# Action Stations



## willb (Mar 27, 2013)

Looking for ideas for new and interesting action stations, for any cuisine and any type of event.... some of the ones I have now include

- hand pulled mozzarella

- "living lettuce" clipped on station and tossed with shaved radishes, cheese etc

- live rolled sushi

- 3 kinds of sliders cooked live, each with different toppings / accompaniments

- risotto (not that new but guests always love)

Any ideas that anyone has would be appreciated


----------



## brandon odell (Aug 19, 2012)

One of my favorites is gourmet grilled cheeses to order. Get a couple George Foreman or panini presses, a couple nice breads, some interesting sliced cheeses and toppings, and you can quickly pound out gourmet grilled cheeses to order.

I like to build to order taco stations too. Customers pick their toppings and a chef par fries corn or flour tortillas to order. They are fried just until the edges start to crisp, but before the tortilla loses it's pliability.

Omelet stations are a classic.

Love the sliders done to order, especially when other meats such as turkey, chicken, pork or veal are used.

Pasta stations are also an old standard. Two different pastas. Two sauces and two cooked meats all held hot. Selection of other raw ingredients cooked and tossed to order.

Tossed salads to order do well too. Use a couple interesting homemade vinaigrettes with a choice of greens and fun toppings, tossed to order.

You could also do popsicle sized fried foods to order with a selection of dips. Have things like chicken chunks, hot dogs, vegetables and even desserts skewered on popsicle sticks. Dip and fry on demand in cornmeal batter or tempura batter. I suggest having any meats precooked before battering, except maybe shrimp.


----------



## ed buchanan (May 29, 2006)

Mashed or baked potato station. All differnt toppings


----------



## petalsandcoco (Aug 25, 2009)

Dessert  : Crêpe Suzette

Or just a Crêpe Station and have all the frest fruit and or savory ingredients ready in front to garnish & fill along with sauces towards the end.

Petals.


----------



## flipflopgirl (Jun 27, 2012)

I attended a wedding last month and the station with the longest line was a take on the standard salad bar.

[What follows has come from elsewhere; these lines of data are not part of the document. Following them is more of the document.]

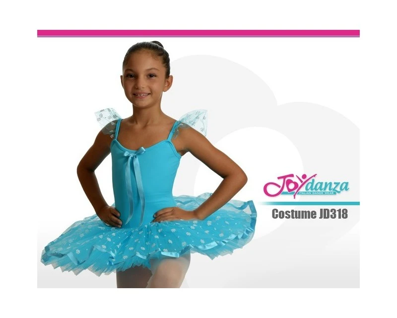 Grazioso tutù da saggio per bambina, impreziosito da alette, in tulle rigido decorato, applicate sulle bretelline. Lo stesso tulle è richiamato sul primo strato della corolla che viene rifinito da un’orlatura di raso in tinta. Rende tanto sia nei colori vivaci che in quelli tenui e delicati.
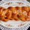 Χωρίζουμε τη ζύμη σε 4 κομμάτια και σχηματίζουμε κορδόνια ανά δύο και τα πλέκουμε ενώνοντας τις άκρες.
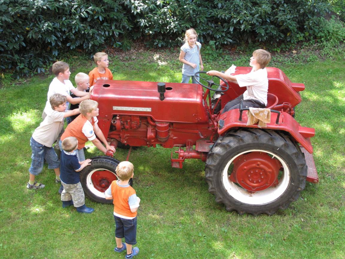 Kletterwand, Spielscheune, Großes Trampolin, viele Fahrzeuge für Kinder, großer Sandkasten und viele andere Spielmöglichkeiten, sowohl Innen als auch Außen.
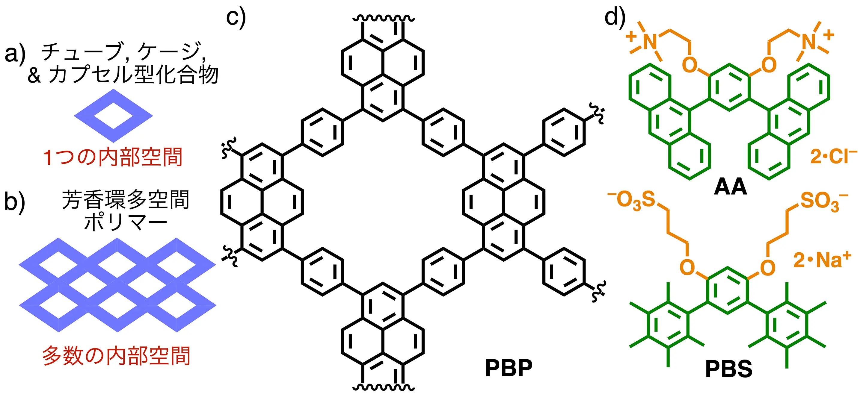 クラウンエーテルやシクロデキストリンが報告されて以来、チューブやケージ、カプセル型の化合物(図1a)が数多く開発されてきました[参考文献1]。これらの化合物の特徴は、一つの内部空間を持ち、溶液中で分子間相互作用[用語4]が働くことで、イオンや分子を捕捉できることです。これらの捕捉能は種々の分析方法で詳細に解明されています。一方で、多数の内部空間を持つ固体材料の捕捉能も注目されていますが、未解明な部分が多く残されています。その中でも芳香族化合物[用語5]を三次元的に連結した多空間ポリマー(図1b)は、合成が簡便で高い安定性を有し、多数の細孔を持つことからガス吸着・分離材料として盛んに研究されています[参考文献2]。しかし、それらはどのような溶媒にも不溶なため、固体状態での分析および活用に限られていました。本研究では、このような芳香環多空間ポリマーを内包により簡便に水溶化するとともに、その溶液状態での空間機能の開拓を目指しました。実際に、ピレン環とベンゼン環を交互に連結した多空間ポリマーPBP(図1c)とその誘導体を用いて実験を行いました[参考文献3]。これらの固体材料は約100 nmサイズの比較的剛直な球状構造体を持つため、これまでに可溶化の方法は報告されていませんでした。

16 oz clear plastic cups with well fitting lids, you pointed out what you wanted and it was assembled for you (way easier to make everything fit, lol) added the dressing and put the top on.

You got to shake it and it was fun and delish, not to mention way less dressing was needed to get a good coat.

Good topic!

mimi


----------



## veghead (Mar 31, 2013)

I like to do a cake decorating station. Crumb coat all the cakes, premix all the icings, and bag up all the decorating icing. Have the person start decorating the cakes as they start serving or part way though and than cup and plate. Works great for larger events and will be talked about for weeks.


----------



## tigerwoman (Jul 18, 2002)

we do the salad station that flipflop mentioned but let guests add their own toppings to the clear disposable cups which are attractively displayed in vintage drawers - hand back to attendant who places cover on cup and squirt dressings through straw hole and shakes it up baby - we've had female servers wearing red checked aprons too - cute vintage look. http://simcha-licious-catering-nyc.blogspot.com/2012/05/nyc-bar-mitzvah-party-celebrating-13.html keep scrolling down, it's a long blog

in that same blog we show a make your own nacho bar - a bevy of fun salsas - corn/black bean apple/grape pico avocado crema tropical grilled pineapple pickled radishes etc with assortment of chips and a sprinkle of cheese (could have hot cheese sauce too) also displayed in the vintage drawers --a great find in my building's basement that someone was tossing - left the frame behind and took 5 of the 8 drawers - now wish I had taken all 8! The perks of urban living...

another fun one for salad is to have the salad tini tenders wearing a black tee shirt with the ingredients of the signature salad listed - have two or three choices and guests go to one they like and it's made to order and shaken not stirred in martini shaker and poured into martini glass.

Yet another is a rustic presentation with dressing at the bottom of a mason jar and ingredients and lettuces piled in with lid screwed on and bamboo fork tied with raffia around the middle sticking straight up. Guests shake their own.

catersource's signature party featured a spin art station - guests created their own plate - and for dessert they got to decorate their own tie dye cupcakes with frostings from tubes - that was cool and could be spun into different presentations - I saw a fb posting today from a caterer who skipped the spin art but offered the frosting in tubes and candy toppings in bowls for a create your own cupcake station.

Catersource's party also featured an "art of the cocktail" wall of colored beverages -

you can see full details of both of these stations as well as all the other ones

like the magic mushroom smoked salad stations (also interactive)

on my blog coverage by googling "caterBuzz party like a rockstar " there are two parts so you may have to add part one and part two to that search..

We also do an international quesadilla station but limit the action to pre-made selected fusion fillings that are griddled to order in front of guests. - keeps things moving.


----------



## shroomgirl (Aug 11, 2000)

pot stickers.....steam baskets, you can get large ones at chinese markets

grilled cheese works great when you have a mixed group (weddings....) have plain jane white bread and co-jack, then brie with tapenade or chutney, chevre with ?, etc.....so adventure eaters get a fun treat as well as those who are picky.

sandwich carving stations......prime rib, tenderloins, turkey etc

pasta


----------